How to Steal Reasoning Without Reasoning Traces
Tingwei Zhang, John X. Morris, Vitaly Shmatikov

TL;DR
This paper introduces trace inversion models that generate detailed reasoning traces from limited model outputs, revealing reasoning capabilities and enabling model distillation.
Contribution
It presents a method to reconstruct detailed reasoning traces from black-box LLM outputs, facilitating model understanding and knowledge transfer.
Findings
Inverted traces closely match ground-truth reasoning when available.
Fine-tuning on inverted traces improves reasoning in student models.

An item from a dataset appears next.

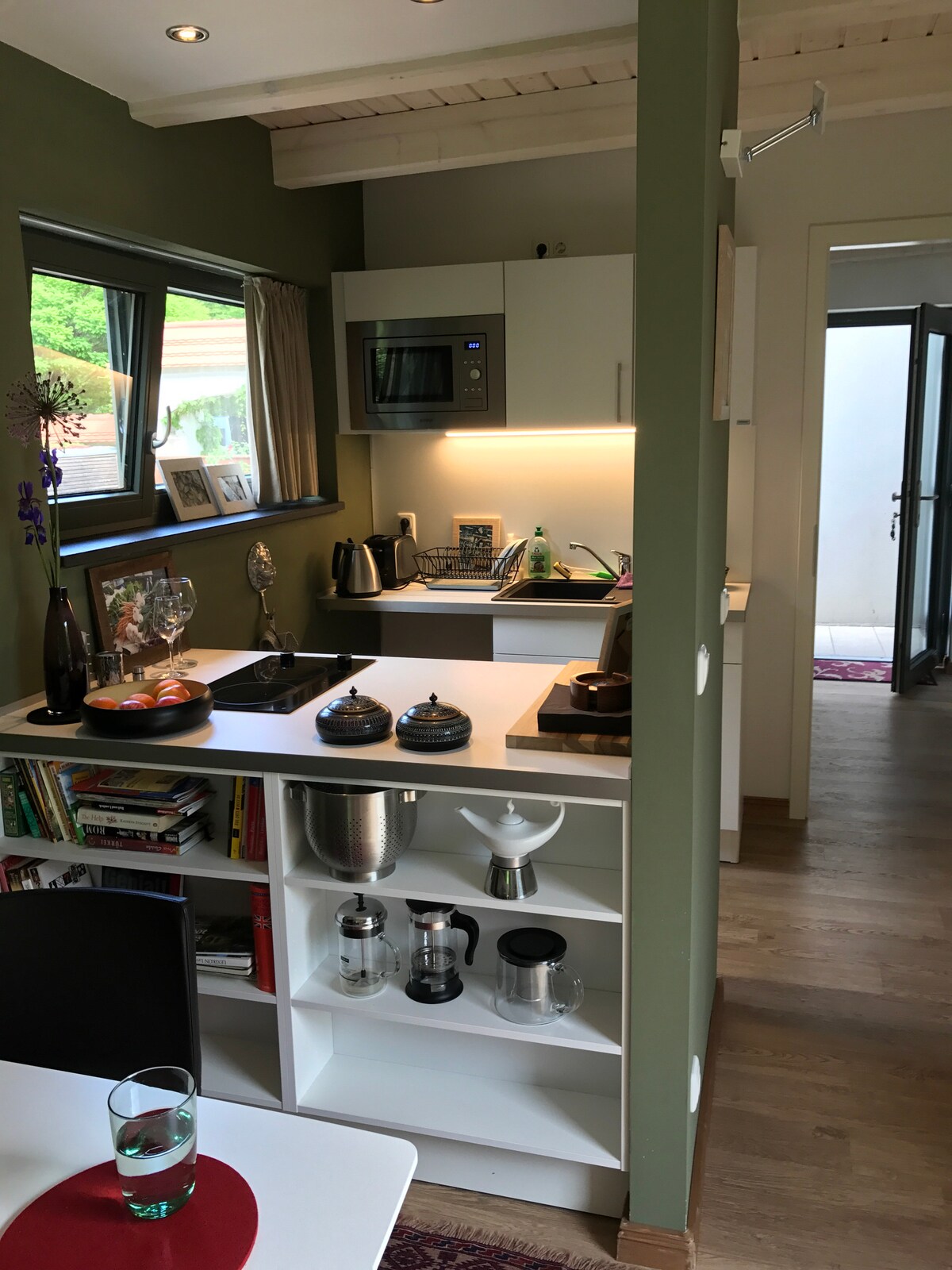 El apartamento es nuevo y está equipado con materiales de alta calidad. Está al lado de mi casa y tiene su propia entrada. Así que no os molestarán. La ventana panorámica tiene una vista muy bonita del jardín, que podéis utilizar. Cómodo y tranquilo. Restaurantes y supermercados a 5 minutos.
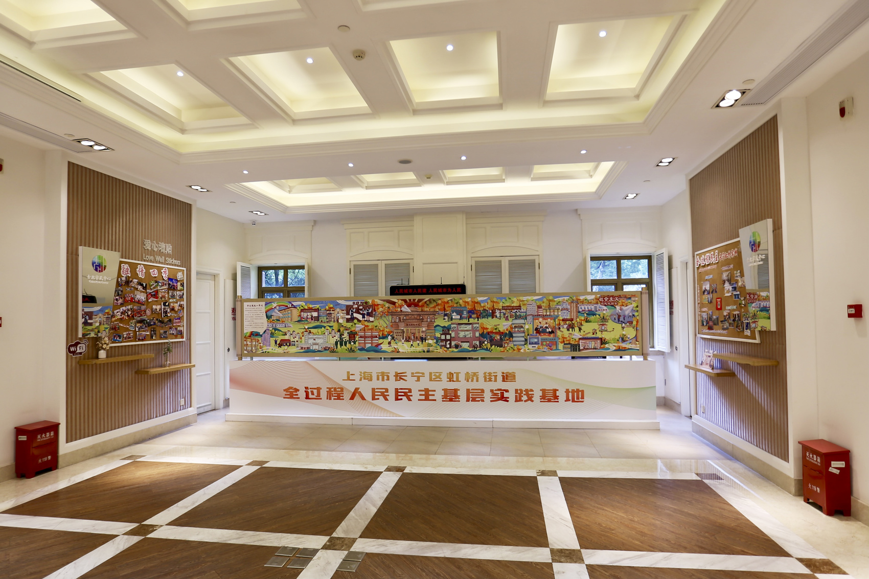 这是上海市长宁区虹桥街道古北市民中心内的漫画墙和照片墙(2021年7月24日摄)。新华社记者 耿馨宁 摄

Enables distillation from proprietary black-box LLMs.
Abstract
Many large language models (LLMs) use reasoning to generate responses but do not reveal their full reasoning traces (a.k.a. chains of thought), instead outputting only final answers and brief reasoning summaries. To demonstrate that hiding reasoning traces does not prevent users from "stealing" a model's reasoning capabilities, we introduce trace inversion models that, given only the inputs, answers, and (optionally) reasoning summaries exposed by a target model, generate detailed, synthetic reasoning traces. We show that (1) traces synthesized by trace inversion have high overlap with the ground-truth reasoning traces (when available), and (2) fine-tuning student models on inverted traces substantially improves their reasoning and enables distillation from proprietary, black-box LLMs.